David Palmer (24 character)
Dennis Haysbert as David Palmer
|Portrayed by||Dennis Haysbert|
|Appearances||1, 2, 3, 4, 5|
|Other Appearances||24: The Game|
David Palmer, J.D. is a fictional President of the United States played by Dennis Haysbert as part of the television series 24. Palmer served as the show's second-most prominent protagonist, after Jack Bauer. Throughout the series, Palmer's ex-wife Sherry and brother Wayne are both key figures in his administration. He has two children: a son, Keith, and a daughter, Nicole. Palmer was a member of the Democratic Party. He is in the fourth highest number of episodes of any character in the series behind Tony Almeida (115), Chloe O'Brian (125) and main character Jack Bauer (192), portrayed by Carlos Bernard, Mary Lynn Rajskub and Kiefer Sutherland, respectively.

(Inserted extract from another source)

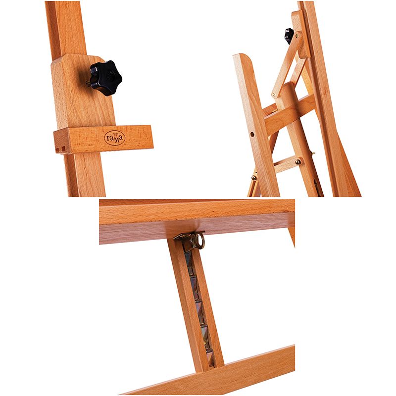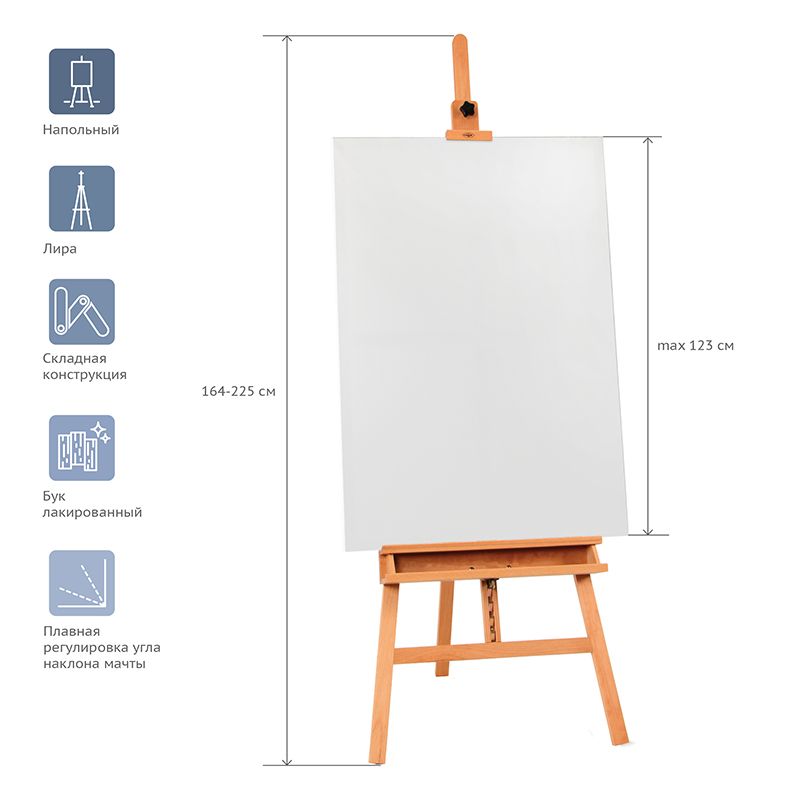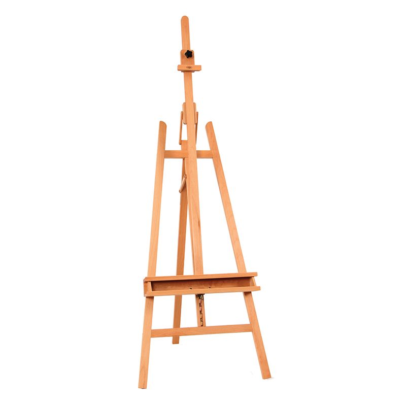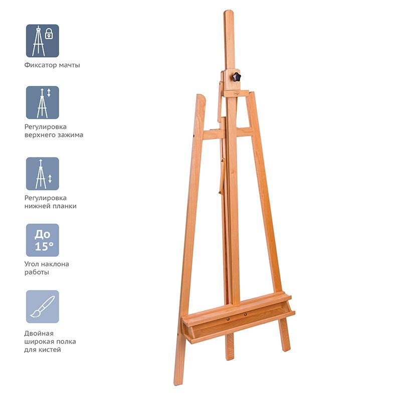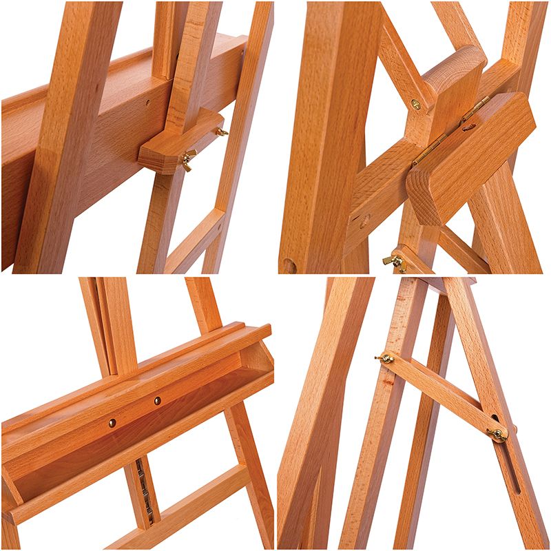 Мольберт с механизмом плавного опускания позволяет менять положение работы одним движением, не снимая холст с мольберта. Верхний держатель мольберта надежно фиксирует холст, а благодаря наклонной штанге с отрицательным углом работу можно опустить на себя до 15°, чтобы прорисовать мелкие детали и защитить свежую краску от пыли. Изготовлен из лакированного бука. Оснащён двойной широкой полкой для хранения кистей. Мольберт складывается и не занимает много места при хранении. Поставляется в разборе, а в комплекте есть инструкция по сборке.

David Palmer has a Juris Doctor from the University of Maryland School of Law, and a Bachelor of Arts in Political Economy from Georgetown University. Prior to his presidency, he served as a Congressman and Senator from Maryland. Season One also includes a reference to Palmer being a college basketball star, hitting a game-winning shot against DePaul in the Final Four. In 1979 DePaul lost to Indiana St. in the Final Four by a score of 76 - 74.

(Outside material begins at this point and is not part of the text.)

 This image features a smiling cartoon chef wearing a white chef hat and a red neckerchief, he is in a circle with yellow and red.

David Palmer was a United States Senator from Maryland who ran for President. He was elected after the assassination attempts against him on the day of the California primary election were foiled by CTU agent Jack Bauer. Although he initially sought a second term, he bowed out of the race after the opposing candidate learned that David had lied to the chief of police in order to protect his ex-wife, Sherry Palmer, who was under suspicion for involvement in a man's death.

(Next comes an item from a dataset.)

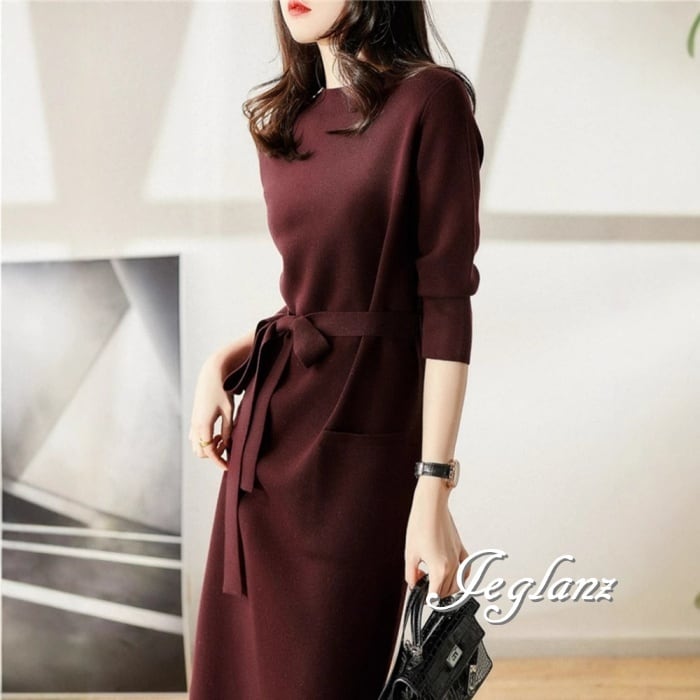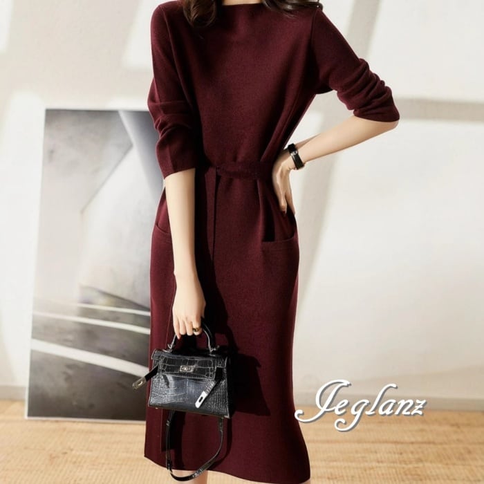 上品 ニット ワンピース ドレス ハイネック 共ベルト きれいめ 3色 (M8398)δ

Throughout the series, Palmer's role as President is often vital to the successful foiling of terrorist plots. Palmer is seen as a good leader who makes difficult decisions without much hesitation. On several occasions, his intervention as President and the execution of his Presidential powers helped the Counter Terrorist Unit.
David Palmer has had many difficulties due to his political life. In the first season, Palmer was the frontrunner in the race for nomination as Democratic candidate for President of the United States. His life was threatened during the course of Day 1. His political life was threatened on other fronts. His son, Keith, was shown to be a viable suspect in the murder of the man who raped his daughter. Palmer investigated, but found that telling the truth was preferable to covering it up with lies, and took a stand in favor of his son. However, he found out his wife, Sherry, was trying to manipulate him, both in that potential scandal, and the one Sherry tried to create. David was furious with Sherry, and divorced her.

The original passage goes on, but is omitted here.